Post by Dave on Sept 13, 2010 18:04:57 GMT
Higher Brownstone to Froward Point 26th April 2010
I had planned a real surprise day out for Carol today that would have required an early start, but I knew last night it would have to be put on hold until Wednesday. We got back home from Kingsbridge yesterday and when Carol got inside the house she went into a very scary shivering sort of fit conplaining she was freezing cold. Four hours later in bed and she was sweating like I have never seen her do before, it was so bad I spent all night having to keep swiming back to my pillow.
By lunch time today she said she was feeling so much better and really wanted to go out for a walk and checking the internet I found what looked like a really magic walk and it was only three miles long and not that far away from our home in Paignton.
Well you all know our walks always seen to go wrong somehow and near the end we were unsure if we could go down this private driveway into Home Farm, we choose not to and must have put a further two miles onto the walk, it took three and and a half hours in the end.

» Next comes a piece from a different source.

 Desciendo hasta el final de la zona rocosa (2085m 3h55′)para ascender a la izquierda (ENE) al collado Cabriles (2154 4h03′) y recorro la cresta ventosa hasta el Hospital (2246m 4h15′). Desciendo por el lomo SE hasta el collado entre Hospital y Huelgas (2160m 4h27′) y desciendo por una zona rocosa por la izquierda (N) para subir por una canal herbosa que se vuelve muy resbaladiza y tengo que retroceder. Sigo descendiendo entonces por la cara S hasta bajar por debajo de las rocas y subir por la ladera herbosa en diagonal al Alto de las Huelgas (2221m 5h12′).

To get to the start of the wallk simply head for Hillhead at Brixham and take the road to the lower ferry( left fork) and then make sure you turn off left on the road to Coleton Fishacre, just as you get to the entrance gate of Coleton Fishacre turn right and look for the Brownstone car part on your left. Park up and go throught the gate at the end of the car park and just start walking and keep walking.
During this walk you really are treated to some amazing views and you get to see the Daymark, a great 1942 war world two Battery and you can also pop into the National Coastwatch lookout and have a chat with some really lovely people.

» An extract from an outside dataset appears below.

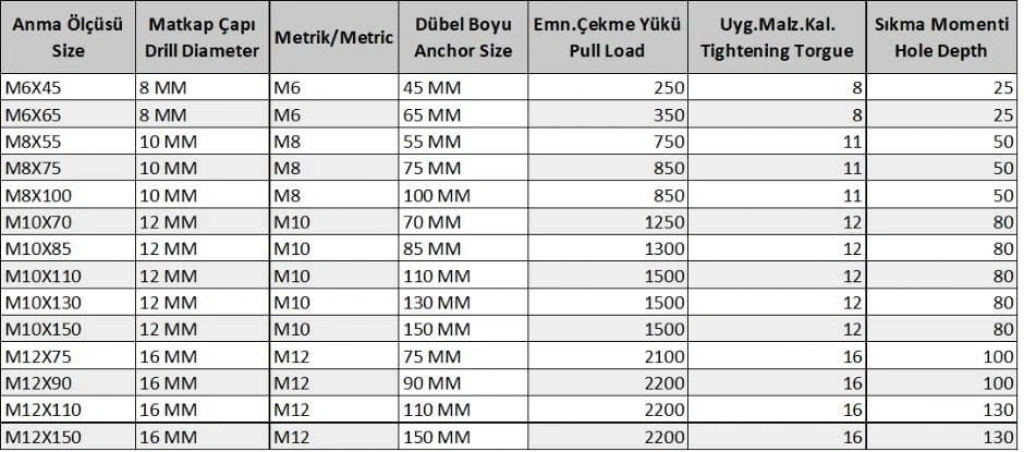 Ennalbur Gömlekli Çelik Dubel M6X65 (5 Adet)

The Daymark is 80 foot/24m high and was built in 1864 by the Dartmouth Harbour Commissioners as a guide to mariners to the position of the harbour entrance
The complex at Brownstone Battery was built in 1942 as a defence against German naval attack. The site was equipped with two six-inch guns taken from a First World War battleship. Each gun had a range of over 14 miles, and operated in tandem with a powerful searchlight situated close to the high water mark below. During the War, the Battery was manned by up to 300 soldiers, and the cliffs all around were strung with barbed wire.
The National Coastwatch look out room has a web cam situated on the roof, they gave me a card with the site address on it but I could not see the link for the web cam, anyway take a look at their website as there are many interesting things to read on it
www.nci-frowardpoint.org.uk
After you have looked around the Battery and chatted to those lovely people in the lookout room, you go down a narrow path that in parts is in woodlands, you then pass above Newfoundland Cove and some time later you end up going down a very large number of steps down to Mill Bay Cove. There is a house on the left hand side of the cove that must be worth millions and I said to Carol I would love to live there and she said it’s too isolated and too far from the shops.
They say what does up must come down and I knew there just had to be steps to go back up somewhere and we soon found them and boy I was I so glad when I got to the last one. You then turn right along a very quite private lane and after a while there is a split in the road, It does say on the sign on the right lane that its for access to Home farm only, as it turns out the foot path goes behind the farm and back up to the car park at Higher Brownstone.
Only we could not agree if that really was the right way to go and I lead us both off on the right lane that really added those extra miles that by now really were not that welcome to a man who sits behind the wheel of a van all day for a living.